Crocodile farmer Mr Lever recently won his battle to retain a pistol for occupational use. The Queensland Civil and Administrative Tribunal (QCAT) decision in Lever v Queensland Police Service (Weapons Licensing Branch) is significant for three reasons:

  1. It is another nail in the coffin in the Weapons Licensing Branch crusade to remove pistols from occupational use,
  2. The Tribunal was not receptive to the Weapons Licensing Branch argument that personal protection (in a person’s business and employment) is not a genuine reason to own a pistol,
  3. The Tribunal spent time analysing and rejecting the Weapons Licensing Branch argument that a pistol was unsuitable and a rifle must be used instead.

The crusade against occupational use of pistols

In case you missed the history, Weapons Licensing Branch has been very preoccupied refusing to renew farmers’ pistol licenses.  Around two thousand people have (or had) occupational pistol licenses – mostly farmers with large farms and thick vegetation where feral pests and livestock are hard to access.

You can read the full story of Weapons Licensing Branch bully tactics and campaigning (here) and their furphy arguments about animal welfare (here).

Their crusade seems to be reaching a natural limit with two recent QCAT decisions against them (read about Salmon, the other decision, here).

Tribunal leaves open personal protection as a genuine reason for a pistol

One argument often rehashed by Weapons Licensing is that personal protection is not a genuine reason to have a pistol, even for a job where you might be attacked by animals.  The Tribunal wasn’t keen on Weapons Licensing’s argument:

I consider it arguable that, if it is a genuine requirement of an applicant’s occupation that he or she have use of a weapon for personal protection, s 11(c) may be satisfied.
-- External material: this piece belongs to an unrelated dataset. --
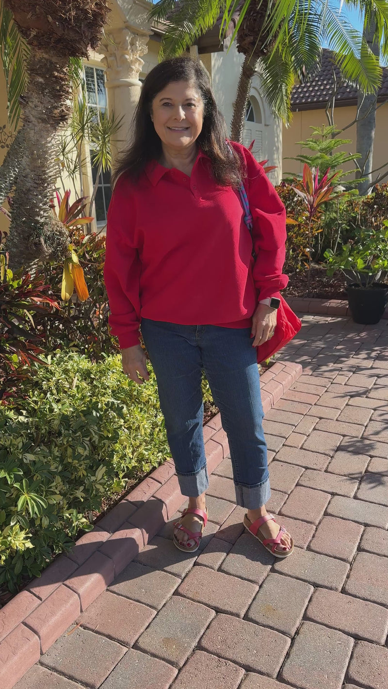 Oversized Collared Sweatshirt | Red

First, each of Osborne and Bergmann were based on the weapons legislation in the respective states of New South Wales and Western Australia which expressly provided that an applicant does not have a genuine reason for possessing or using a firearm if the applicant intends to possess or use the firearm for, amongst other things, “personal protection”. No corresponding provision appears in [Queensland’s Weapons] Act. Secondly, in my view, it is at least arguable that personal protection as part of occupational health and safety is not mutually exclusive with possession of a weapon being an occupational requirement (including an occupational requirement for rural purposes). However, a decision on this issue should await a subsequent case where the issue is squarely raised for determination.

No doubt a case will eventually emerge that directly raises the issue of personal protection from animals in an occupational context.  But you would’ve thought that there could be no animal more dangerous than a salty!  In any case, the Tribunal appears to look favourably on the argument that personal protection from animal attacks is a legitimate OH&S issue with real relevance to occupational pistol licenses.

Sufficiency of a pistol

The Tribunal spent a lot of time dismantling the Weapons Licensing argument that a .357 pistol is unsuitable against crocodiles and that a rifle that could only be operated with two hands was a better defence.  Even when one of your arms might already be in a crocodile’s mouth…

We should pause to remember that a few years ago Queensland Police engaged the Department of Agriculture’s test facility at Warwick to trial their QPS’s .40 Glock for its suitability in putting down cattle.  They found it worked well (see RTI/18258):

Running this sort of ‘suitability’ argument against applicants is sailing pretty close to breaching Queensland’s model litigant rules.  Those rules (are supposed to) limit how government agencies behave in litigation.  They demand agencies:

  1. Don’t run arguments they know to be unsustainable, and
  2. Don’t make applicants work to prove things the agency already knows to be true.

In our experience, Weapons Licensing don’t seem anxious to observe the spirit of the model litigant rules.  They seem to figure that they’re entitled to be an unlimited font of argument and they throw a lot against the wall in the hope some of it sticks.